• **Work required**
Every record needs to come back as written, except for the pictures.
(Given data)
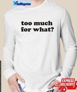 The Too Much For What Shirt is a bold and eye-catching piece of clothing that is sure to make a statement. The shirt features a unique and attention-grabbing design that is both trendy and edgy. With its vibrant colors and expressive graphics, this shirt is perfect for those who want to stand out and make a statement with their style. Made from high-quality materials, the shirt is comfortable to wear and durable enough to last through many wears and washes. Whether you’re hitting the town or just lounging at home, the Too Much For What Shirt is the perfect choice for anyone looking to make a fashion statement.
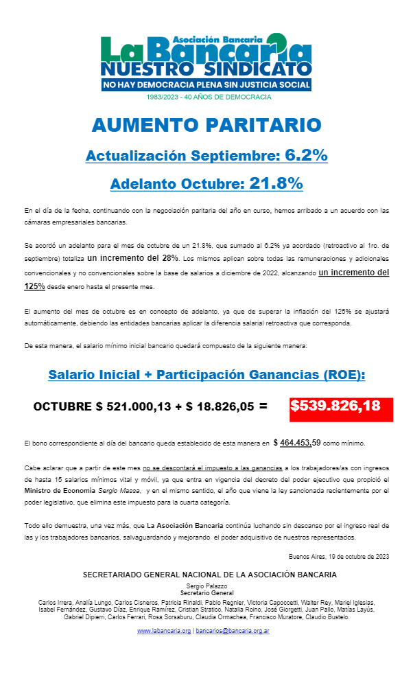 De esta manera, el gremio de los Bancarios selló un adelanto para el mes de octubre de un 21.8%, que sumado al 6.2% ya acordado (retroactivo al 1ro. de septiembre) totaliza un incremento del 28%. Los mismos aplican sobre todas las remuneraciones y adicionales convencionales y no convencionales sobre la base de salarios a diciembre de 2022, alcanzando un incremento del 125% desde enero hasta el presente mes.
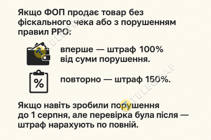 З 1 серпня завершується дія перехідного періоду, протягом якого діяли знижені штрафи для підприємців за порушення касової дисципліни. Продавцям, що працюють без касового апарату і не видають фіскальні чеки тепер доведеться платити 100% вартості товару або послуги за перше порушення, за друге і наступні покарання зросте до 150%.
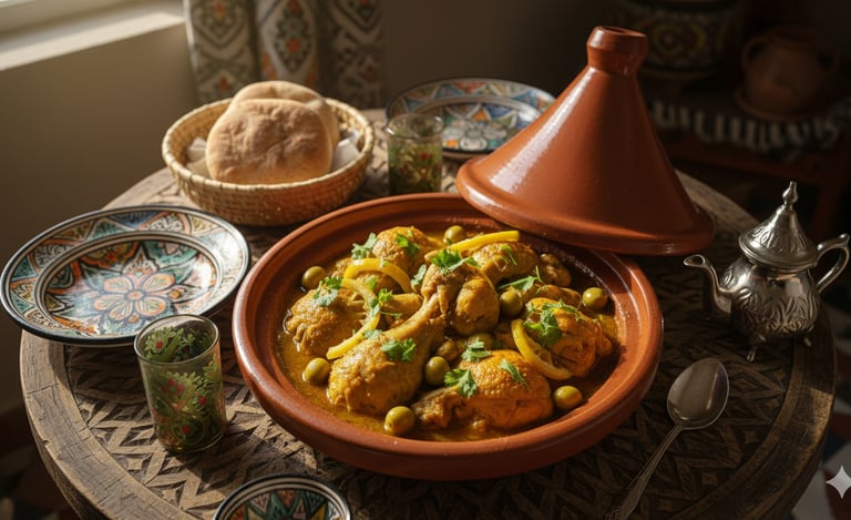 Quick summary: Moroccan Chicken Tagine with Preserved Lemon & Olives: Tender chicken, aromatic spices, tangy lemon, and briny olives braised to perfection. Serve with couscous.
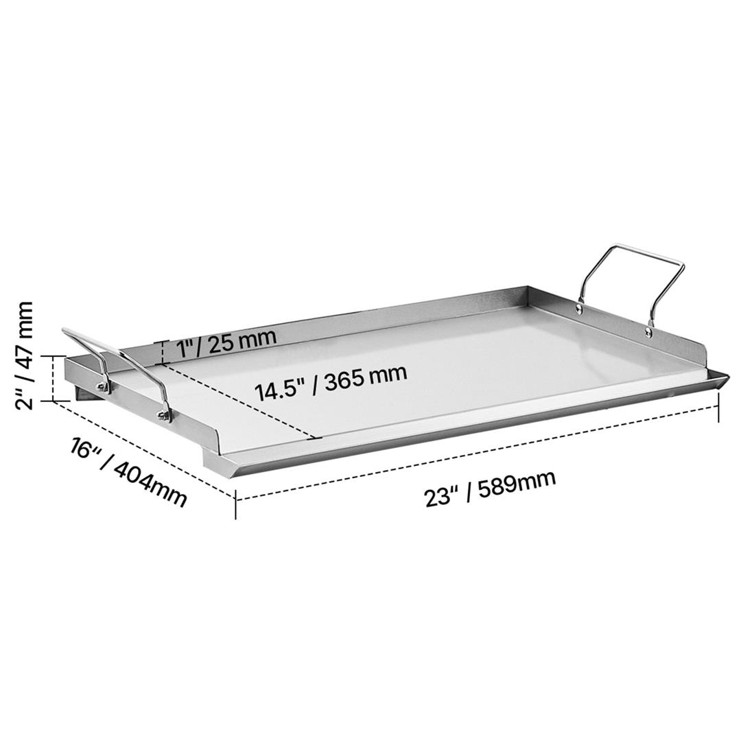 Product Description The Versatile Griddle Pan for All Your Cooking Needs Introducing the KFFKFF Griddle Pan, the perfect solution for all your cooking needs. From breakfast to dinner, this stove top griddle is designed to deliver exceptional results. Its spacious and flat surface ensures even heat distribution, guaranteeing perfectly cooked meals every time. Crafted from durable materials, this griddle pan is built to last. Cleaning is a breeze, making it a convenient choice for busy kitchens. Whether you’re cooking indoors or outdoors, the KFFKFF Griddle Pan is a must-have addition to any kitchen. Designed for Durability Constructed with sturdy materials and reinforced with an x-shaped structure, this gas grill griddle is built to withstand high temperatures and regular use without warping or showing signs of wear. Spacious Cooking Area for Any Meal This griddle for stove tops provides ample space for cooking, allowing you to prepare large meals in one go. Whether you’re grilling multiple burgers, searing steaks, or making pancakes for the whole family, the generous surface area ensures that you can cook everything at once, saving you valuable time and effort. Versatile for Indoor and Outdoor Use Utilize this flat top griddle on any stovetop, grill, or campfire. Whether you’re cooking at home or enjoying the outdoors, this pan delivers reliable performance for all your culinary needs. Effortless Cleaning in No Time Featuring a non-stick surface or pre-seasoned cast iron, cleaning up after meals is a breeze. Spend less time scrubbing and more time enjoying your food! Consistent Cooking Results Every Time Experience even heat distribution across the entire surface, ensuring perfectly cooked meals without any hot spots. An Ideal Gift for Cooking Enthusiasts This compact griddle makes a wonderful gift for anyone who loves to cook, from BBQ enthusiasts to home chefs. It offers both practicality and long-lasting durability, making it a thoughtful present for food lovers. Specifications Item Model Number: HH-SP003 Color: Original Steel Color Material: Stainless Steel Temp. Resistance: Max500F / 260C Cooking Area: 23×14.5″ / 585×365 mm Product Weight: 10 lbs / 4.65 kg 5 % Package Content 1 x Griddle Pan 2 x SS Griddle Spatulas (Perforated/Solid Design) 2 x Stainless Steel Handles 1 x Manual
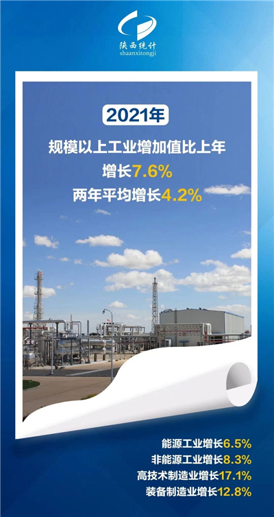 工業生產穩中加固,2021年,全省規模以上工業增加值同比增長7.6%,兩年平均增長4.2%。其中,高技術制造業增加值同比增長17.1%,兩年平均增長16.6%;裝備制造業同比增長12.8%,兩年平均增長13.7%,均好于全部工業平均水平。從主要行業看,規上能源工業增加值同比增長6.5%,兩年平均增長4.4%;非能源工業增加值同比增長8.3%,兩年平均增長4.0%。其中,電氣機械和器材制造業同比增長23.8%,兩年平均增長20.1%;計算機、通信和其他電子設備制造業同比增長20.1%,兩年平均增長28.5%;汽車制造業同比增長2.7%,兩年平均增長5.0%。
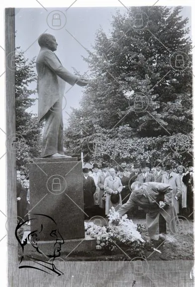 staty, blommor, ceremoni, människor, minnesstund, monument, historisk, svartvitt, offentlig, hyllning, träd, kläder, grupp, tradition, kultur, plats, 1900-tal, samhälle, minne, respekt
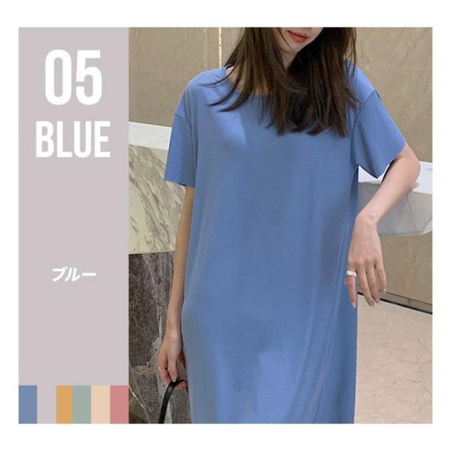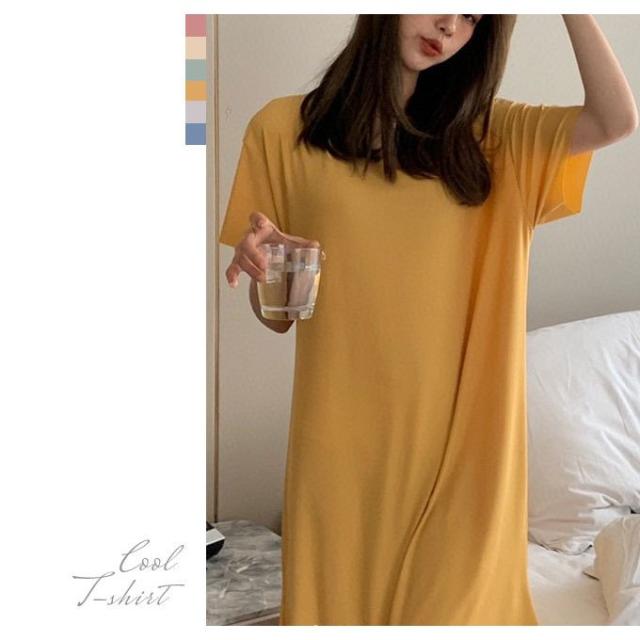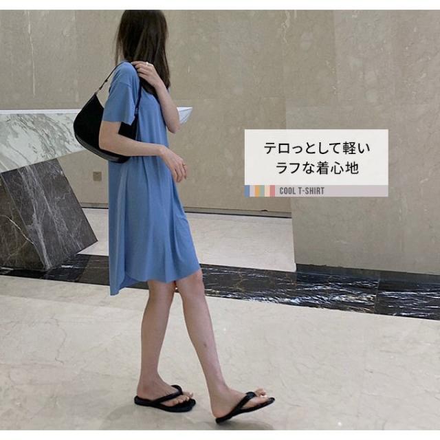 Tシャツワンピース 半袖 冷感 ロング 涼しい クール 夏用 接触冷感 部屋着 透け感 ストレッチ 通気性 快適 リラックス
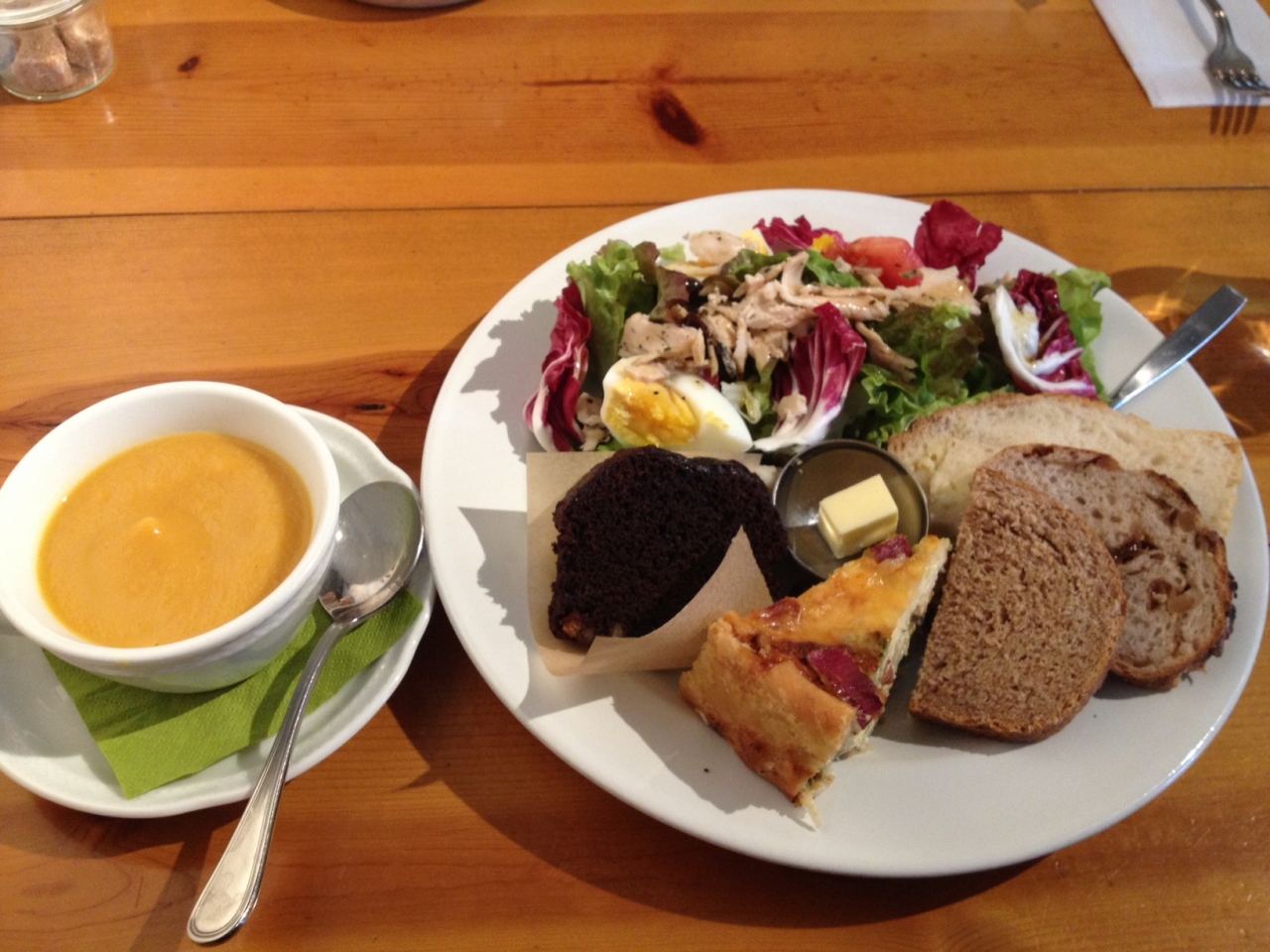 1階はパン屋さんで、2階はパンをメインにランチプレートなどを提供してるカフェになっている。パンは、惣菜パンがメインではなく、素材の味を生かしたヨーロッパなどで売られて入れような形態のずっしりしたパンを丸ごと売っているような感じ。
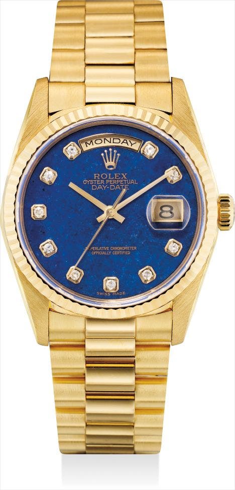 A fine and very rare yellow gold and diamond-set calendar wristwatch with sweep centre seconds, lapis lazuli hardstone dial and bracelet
(End Given data)
• **Exercise result**
 The Too Much For What Shirt is a bold and eye-catching piece of clothing that is sure to make a statement. The shirt features a unique and attention-grabbing design that is both trendy and edgy. With its vibrant colors and expressive graphics, this shirt is perfect for those who want to stand out and make a statement with their style. Made from high-quality materials, the shirt is comfortable to wear and durable enough to last through many wears and washes. Whether you’re hitting the town or just lounging at home, the Too Much For What Shirt is the perfect choice for anyone looking to make a fashion statement.
 De esta manera, el gremio de los Bancarios selló un adelanto para el mes de octubre de un 21.8%, que sumado al 6.2% ya acordado (retroactivo al 1ro. de septiembre) totaliza un incremento del 28%. Los mismos aplican sobre todas las remuneraciones y adicionales convencionales y no convencionales sobre la base de salarios a diciembre de 2022, alcanzando un incremento del 125% desde enero hasta el presente mes.
 З 1 серпня завершується дія перехідного періоду, протягом якого діяли знижені штрафи для підприємців за порушення касової дисципліни. Продавцям, що працюють без касового апарату і не видають фіскальні чеки тепер доведеться платити 100% вартості товару або послуги за перше порушення, за друге і наступні покарання зросте до 150%.
 Quick summary: Moroccan Chicken Tagine with Preserved Lemon & Olives: Tender chicken, aromatic spices, tangy lemon, and briny olives braised to perfection. Serve with couscous.
 Product Description The Versatile Griddle Pan for All Your Cooking Needs Introducing the KFFKFF Griddle Pan, the perfect solution for all your cooking needs. From breakfast to dinner, this stove top griddle is designed to deliver exceptional results. Its spacious and flat surface ensures even heat distribution, guaranteeing perfectly cooked meals every time. Crafted from durable materials, this griddle pan is built to last. Cleaning is a breeze, making it a convenient choice for busy kitchens. Whether you’re cooking indoors or outdoors, the KFFKFF Griddle Pan is a must-have addition to any kitchen. Designed for Durability Constructed with sturdy materials and reinforced with an x-shaped structure, this gas grill griddle is built to withstand high temperatures and regular use without warping or showing signs of wear. Spacious Cooking Area for Any Meal This griddle for stove tops provides ample space for cooking, allowing you to prepare large meals in one go. Whether you’re grilling multiple burgers, searing steaks, or making pancakes for the whole family, the generous surface area ensures that you can cook everything at once, saving you valuable time and effort. Versatile for Indoor and Outdoor Use Utilize this flat top griddle on any stovetop, grill, or campfire. Whether you’re cooking at home or enjoying the outdoors, this pan delivers reliable performance for all your culinary needs. Effortless Cleaning in No Time Featuring a non-stick surface or pre-seasoned cast iron, cleaning up after meals is a breeze. Spend less time scrubbing and more time enjoying your food! Consistent Cooking Results Every Time Experience even heat distribution across the entire surface, ensuring perfectly cooked meals without any hot spots. An Ideal Gift for Cooking Enthusiasts This compact griddle makes a wonderful gift for anyone who loves to cook, from BBQ enthusiasts to home chefs. It offers both practicality and long-lasting durability, making it a thoughtful present for food lovers. Specifications Item Model Number: HH-SP003 Color: Original Steel Color Material: Stainless Steel Temp. Resistance: Max500F / 260C Cooking Area: 23×14.5″ / 585×365 mm Product Weight: 10 lbs / 4.65 kg 5 % Package Content 1 x Griddle Pan 2 x SS Griddle Spatulas (Perforated/Solid Design) 2 x Stainless Steel Handles 1 x Manual
 工業生產穩中加固,2021年,全省規模以上工業增加值同比增長7.6%,兩年平均增長4.2%。其中,高技術制造業增加值同比增長17.1%,兩年平均增長16.6%;裝備制造業同比增長12.8%,兩年平均增長13.7%,均好于全部工業平均水平。從主要行業看,規上能源工業增加值同比增長6.5%,兩年平均增長4.4%;非能源工業增加值同比增長8.3%,兩年平均增長4.0%。其中,電氣機械和器材制造業同比增長23.8%,兩年平均增長20.1%;計算機、通信和其他電子設備制造業同比增長20.1%,兩年平均增長28.5%;汽車制造業同比增長2.7%,兩年平均增長5.0%。
 staty, blommor, ceremoni, människor, minnesstund, monument, historisk, svartvitt, offentlig, hyllning, träd, kläder, grupp, tradition, kultur, plats, 1900-tal, samhälle, minne, respekt
 Tシャツワンピース 半袖 冷感 ロング 涼しい クール 夏用 接触冷感 部屋着 透け感 ストレッチ 通気性 快適 リラックス
 1階はパン屋さんで、2階はパンをメインにランチプレートなどを提供してるカフェになっている。パンは、惣菜パンがメインではなく、素材の味を生かしたヨーロッパなどで売られて入れような形態のずっしりしたパンを丸ごと売っているような感じ。
 A fine and very rare yellow gold and diamond-set calendar wristwatch with sweep centre seconds, lapis lazuli hardstone dial and bracelet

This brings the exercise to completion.